Effects of infusion of human parathyroid hormone-related protein-(1–40) in nude mice: Histomorphometric and biochemical investigations

Abstract

Female nude mice were infused with 5.0, 3.0, or 1.0 μg/day of synthetic human parathyroid hormone‐related protein (PTHrP) or control diluent with subcutaneous Alzet miniosmotic pumps for 7 days. Serum calcium was increased (p < 0.01) on days 3 (13.9 mg/dl), 5 (13.6 mg/dl), and 7 (12.9 mg/dl) in mice infused with PTHrP at 5.0 μg/day compared with control nude mice (8.8 mg/dl). Serum calcium was significantly increased to a lesser degree in mice infused with 1.0 μg/day PTHrP (day 3) or 3.0 μg/day (days 3 and 7). Serum phosphorus was decreased (p < 0.01) in all three groups of mice infused with PTHrP (4.6 mg/dl, 5.0 μg/day; 6.7 mg/dl, 3.0 μg/day; and 6.4 mg/dl, 1.0 μg/day) compared with controls (8.5 mg/dl).
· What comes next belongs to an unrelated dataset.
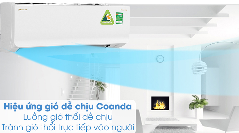 Luồng gió được tạo ra do thiết kế độc đáo trên chiếc máy lạnh Daikin Inverter 1.5 HP ATKA35UAVMV. Luồng gió đi lên trần và dọc theo các vách tường, giúp mang lại không khí thoải mái cho toàn bộ căn phòng, cũng tránh được gió thổi trực tiếp vào cơ thể gây khó chịu cho người dùng, đặc biệt là người già và trẻ nhỏ.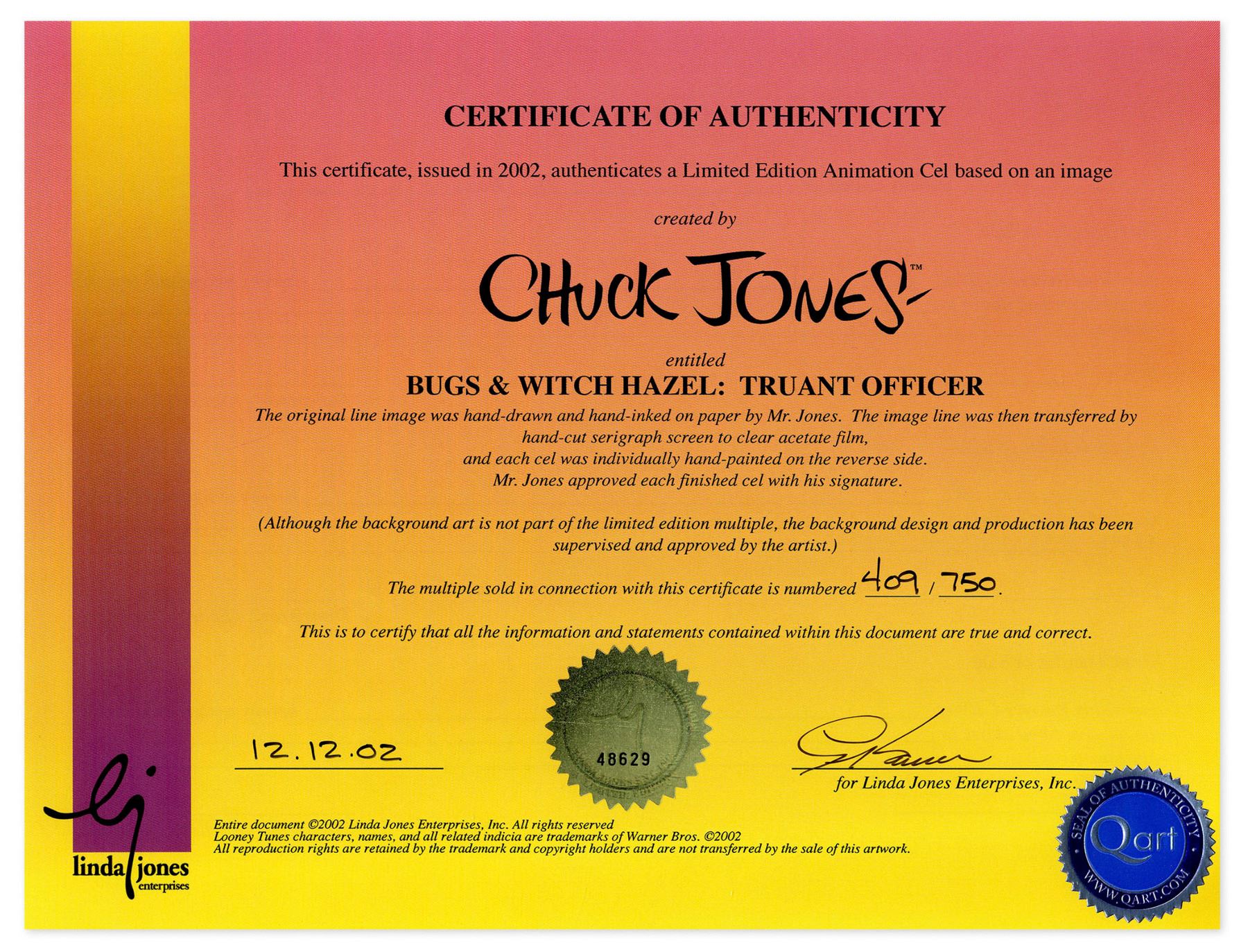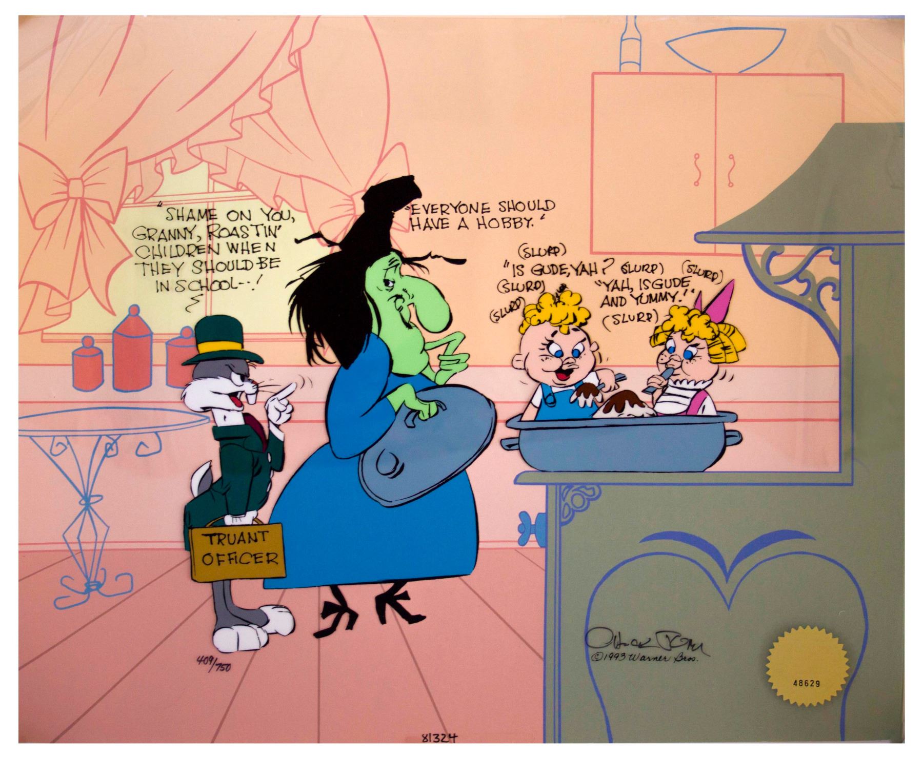 Warner Brothers Looney Tunes hand-painted sericel signed by Chuck Jones, part of a limited edition of 750, this being #409. Entitled ''Bugs and Witch Hazel'', Jones here shows Bugs Bunny as a truant officer who aims to save two children from Witch Hazel's clutches. Cel is from 2002, and measures 16.5'' x 13.5'', with a background of equal size, affixed to the cel at top. Near fine condition. With the seal and matching COA from Linda Jones Enterprises Inc., the business run by Jones' daughter and through which he sold his artwork.

Serum 1,25‐dihydroxycholecalciferol was increased (2.4‐fold) in mice infused with PTHrP (5.0 and 3.0 μg/day). The urinary calcium‐creatinine ratio (0.74 compared with 0.034 in controls) was increased (p < 0.03) in mice infused with PTHrP (5.0 μg/day), but the urinary phosphorus‐creatinine ratio was not different from that in controls. The urinary cAMP‐creatinine ratio was increased (1.6‐fold) in mice infused with PTHrP (5.0 μg/day). Static bone histomorphometry revealed increased (p < 0.01) trabecular bone area, osteoblast perimeter, osteoid perimeter, osteoid width, wall width, osteoclast area, number of osteoclasts, and osteoclast perimeter in trabecular bone of lumbar vertebrae from mice infused with PTHrP. Dynamic bone histomorphometry demonstrated increased (p < 0.01) double‐labeled perimeter, mineralizing perimeter, and bone formation rate. The results of this study indicated that PTHrP increased serum calcium and 1,25‐dihydroxy‐cholecalciferol, decreased serum phosphorus, increased urinary excretion of calcium, phosphorus, and cAMP, and increased both bone resorption and formation in nude mice. PTHrP mimics the action of native PTH in vivo and is likely to be an important protein in the pathogenesis of humoral hypercalcemia of malignancy.